The second difference, I would say, is probably coming from the fact that we've seen US consumers being very resilient and, well, how do they do that? Well, they've been dipping into the savings. In many advanced economies, there was a buildup of what we call excess savings during the pandemic. In Europe, by and large, households have not started dipping into that.
Factor number three, I would say, there might be some difference in the transmission of monetary policy. So both in the euro area and the US, we've seen his massive tightening of monetary policy (by central banks). In the US you have a lot of long-term, fixed-rate mortgages in the housing market. People borrow 30 years and they lock in the rate at the time at which they bought, so (if) you borrowed three years ago at a rate of two percent, let's say rates can be now seven percent, it doesn't affect you.

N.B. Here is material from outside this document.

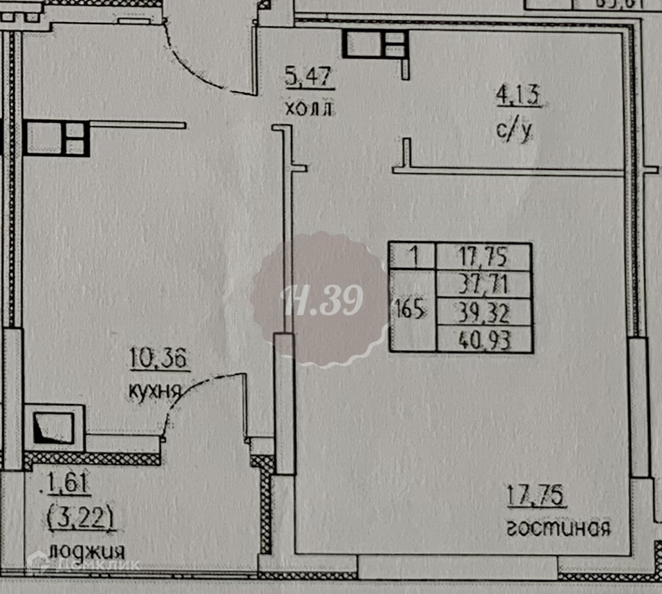 Общая площадь 41 м2

Finally, there is a question of how much fiscal policy might be doing. What we're seeing in the euro area is (that) a lot of support was put in place during the pandemic and during the energy crisis. The energy prices have been coming down, the pandemic is behind us, so a lot of that support is being withdrawn. In the US, the deficits are still very large.

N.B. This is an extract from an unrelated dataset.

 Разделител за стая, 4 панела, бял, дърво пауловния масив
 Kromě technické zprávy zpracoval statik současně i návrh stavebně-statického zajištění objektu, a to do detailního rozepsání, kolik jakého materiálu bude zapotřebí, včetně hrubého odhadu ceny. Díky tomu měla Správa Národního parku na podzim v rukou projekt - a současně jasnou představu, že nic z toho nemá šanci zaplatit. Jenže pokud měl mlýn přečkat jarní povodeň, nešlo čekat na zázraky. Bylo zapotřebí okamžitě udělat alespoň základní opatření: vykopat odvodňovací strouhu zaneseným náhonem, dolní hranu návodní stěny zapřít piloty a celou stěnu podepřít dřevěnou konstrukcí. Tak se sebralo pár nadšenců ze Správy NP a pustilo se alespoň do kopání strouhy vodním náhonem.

- The IMF forecasts a 0.5 percent contraction in Germany this year. Is there a long-term concern? -
In the case of Germany there is a combination of two very powerful forces right now. One we've already mentioned when we talked about the difference between the euro area and the US, which is the energy shock, and in the context of an economy that was very dependent on the manufacturing industries -- very energy intensive and dependent on energy supplies from Russia. So that has been a big shock for the German economy.
But then you have the tightening of monetary policy and on top of that in an inflation context, the loss of purchasing power, the cost-of-living crisis. So all of these things together, explain, we have relatively weak manufacturing, we have relatively weak consumption, we have relatively weak investment.

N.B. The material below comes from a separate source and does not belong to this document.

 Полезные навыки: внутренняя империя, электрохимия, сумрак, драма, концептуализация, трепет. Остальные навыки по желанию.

I think this is an economy that has a lot of resources. It has fiscal space. It has the ability to adapt. It has tremendous industries and technology, it has skilled labour, so this is this is not necessarily something that is a concern.
- You have lowered China's growth outlook due to a real estate crisis. Does the government need to do more to prevent a worsening situation? -
It's obviously an important factor behind our revised estimate for 2023. This has the potential, if it's not addressed, to weigh on Chinese economic activity even more. It's a very substantial component of aggregate activity in China. You could have then worries about the financial health for the banks that are making loans to the developers who are right now sitting on a number of properties that they cannot sell, or cannot complete and deliver the units that they have already pre-sold because they're facing liquidity problems. So that could then spread more broadly into the Chinese economy. You could have problems for local authorities because they generate quite a bit of their revenues from land sales.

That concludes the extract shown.